I would add macro algae (in a refugium is best) and kill the lights so the brown algae die off.

also look up diy two part to keep calciuim/alk/magnesium up to encourage corraline algae.


Low pH, nitrates are both signs of not sufficient plant life (macro, corraline) to consume the wastes

my .02


----------



## carmine00700 (Apr 13, 2011)

what is diy? and yeah im gonna get some macro algae for my sump tank tommorow. also, what is coraline algea and what does it do and look like? my ph is at like 8.0 . shouldnt i raise that too? what should i use or do? also..lol...when my nitrate goes to zero and im ready to put fish in, what kind of fish do you suggest for a clean up crew? i have bristle worms i want out, what kind of fish should i get to eat those fu_ _ ers? lol


----------



## beaslbob (May 29, 2009)

carmine00700 said:


> what is diy? and yeah im gonna get some macro algae for my sump tank tommorow. also, what is coraline algea and what does it do and look like? my ph is at like 8.0 . shouldnt i raise that too? what should i use or do?
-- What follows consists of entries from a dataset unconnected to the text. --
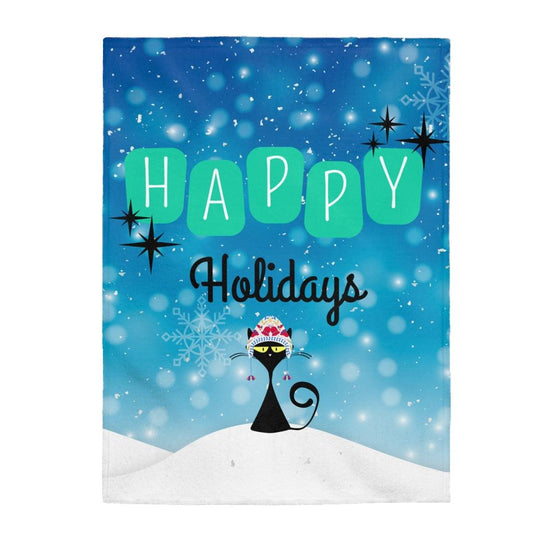 Mid Century Atomic Cat Christmas Velveteen Lightweight Blanket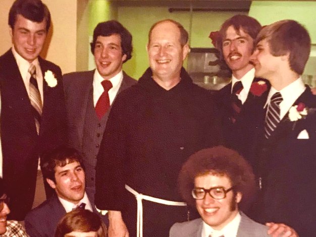 Our brother Mick Joyce, on the staff of Borromeo Seminary in Wickliffe, OH, posted this college photo with our confrere Robert L. McCreary (+2023). Mick and Chip are on the right. Another priest of the class, Fr. Bill McGuirk of the Diocese of Greensburg PA, is bottom left.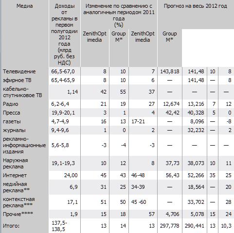 Осень прошлого года ознаменовалась для рекламного рынка сокращением многими производителями товаров повседневного спроса, прежде всего транснациональными корпорациями, своих изначально запланированных маркетинговых бюджетов. Соответственно, прогнозы и на 2012 год были предельно консервативными: от большинства рекламодателей ожидали снижения рекламной активности. Но в январе—марте рынок в целом продемонстрировал лучшую динамику, чем предполагалось в конце 2011 года, признавал ранее гендиректор группы 'Видео Интернешнл' Сергей Васильев. По оценке АКАР, в первом квартале общие расходы на рекламу выросли на 14%, до 61-62 млрд руб. без НДС. Расходы только на телерекламу увеличились на 10%, до 31,1-31,6 млрд руб.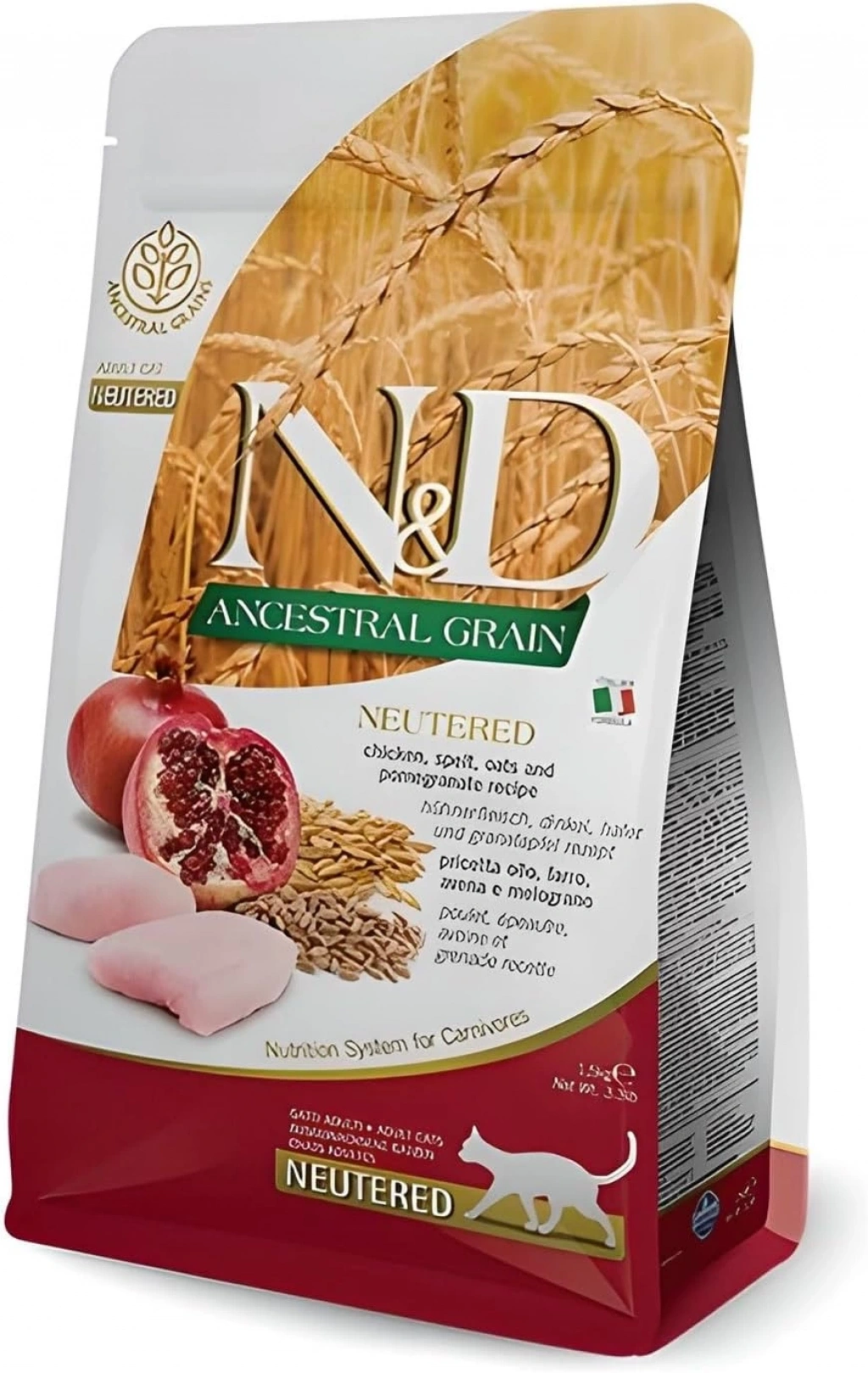 ND Düşük Tahıllı Tavuk ve Narlı Kısırlaştırılmış Kedi Maması 1,5 Kg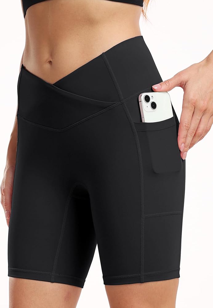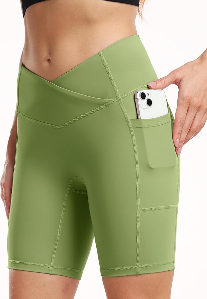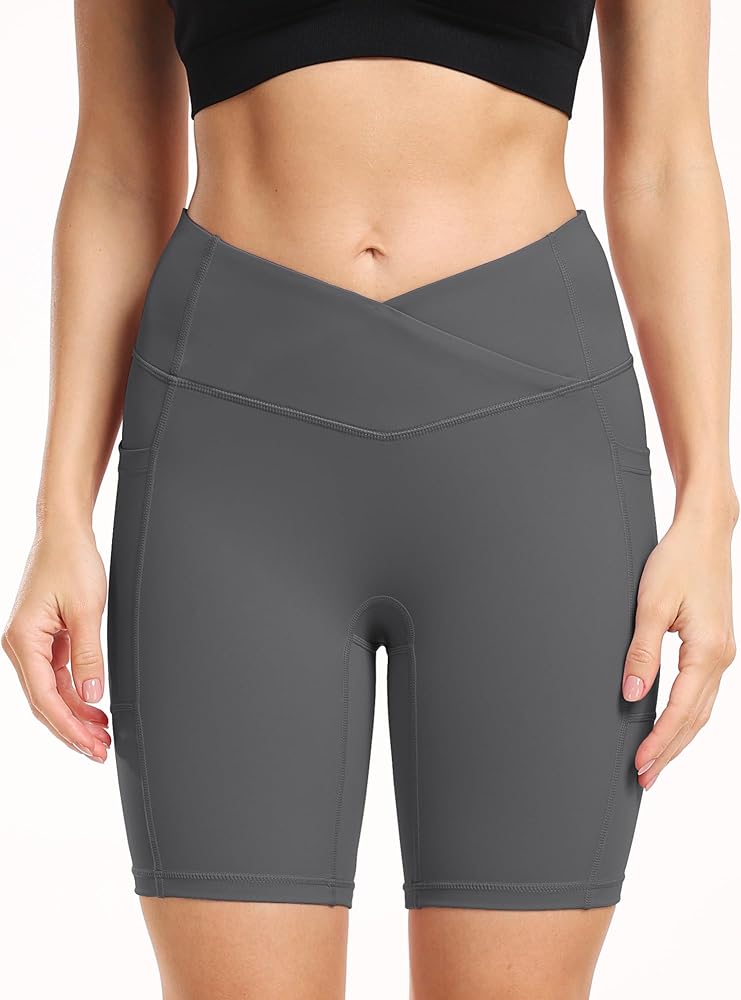 • Crossover High Waisted Biker Shorts with Sexy slimming criss cross v waist, Tummy control squat proof cycling shorts, Supportive ribbed overlapping waistband, Pass the squat test

the purple algae on you rocks is corraline algae.


The addition of the macro algae and getting that algae thriving will lower nitrates and raise pH.

I would also measure pH just before lights out. pH rises as carbon dioxide is consumed. therefore will be lower just after lights on and higher just before lights out.

my .02


----------



## Levi (Mar 20, 2011)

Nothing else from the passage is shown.